Cook responded the next day: "I am pro-life and I am not having an abortion. They are all doing just fine," according to the lawsuit.

Cook says she told C.M. she would love to adopt the third child, but he insisted that she abort it and that it was his decision.

The surrogacy contract gives all the power to C.M., Cook says, including the right to demand an abortion and sue her for damages if she does not comply.

She says her situation illustrates why surrogate pregnancies are an ethical, legal and medical minefield: that the surrogacy contract dictates how much caffeine she can ingest, requires her to avoid second-hand smoke, forbids her from using hair dye and nail polish, and from being around cat litter.

"The contract reduces Melissa Cook to the equivalent of an object or breeding animal to be manipulated by C.M. and completely subrogated to his demands," the complaint states.

Cook claims California's Surrogacy Enabling Statute violates her due process rights under the 14th Amendment. She seeks an injunction to stop Los Angeles County officials from issuing any birth certificates that do not list her as the babies' mother.

She is represented by Michael Caspino with Buchalter Nemer in Los Angeles and Harold Cassidy in Shrewsbury, N.J.

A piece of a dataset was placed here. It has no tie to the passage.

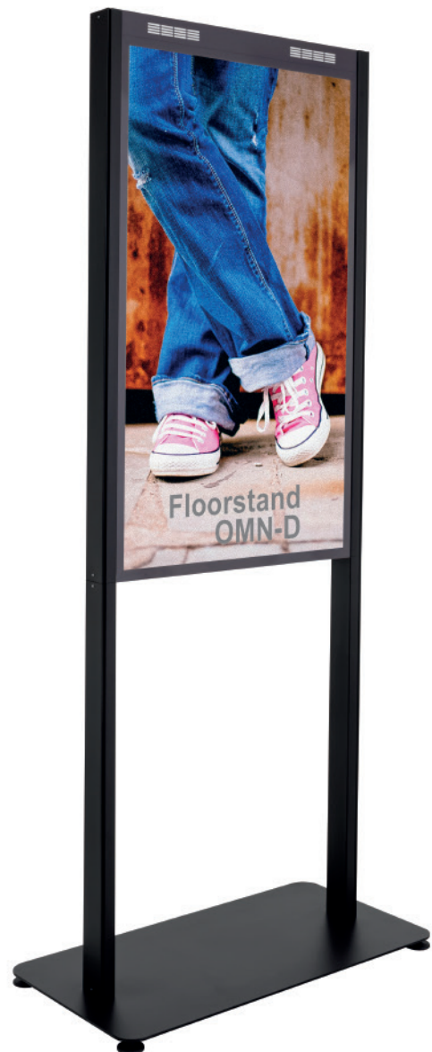
Technische Änderungen vorbehalten

Cassidy said he's confident Cook will prevail in the federal case.

"The Surrogacy Contract in this case and the California Surrogacy Enabling Statute will not withstand constitutional scrutiny," the attorney said Wednesday in a statement .

"The notion that a man can demand that a mother terminate the life of one of the children she carries by an abortion, and then claim that she is liable for money damages when she refuses, is cruel to the mother. The idea that when a mother offers to raise the child that the man wanted her to kill, but the man insists that the child be raised by a stranger instead of the mother who loved him and saved his life, is cruel to the child."

The defendants are Los Angeles County Public Health Director Cynthia Harding, Los Angeles County Clerk Dean Logan and Los Angeles County Department of Public Health Director Dr. Jeffery Gunzenhauser.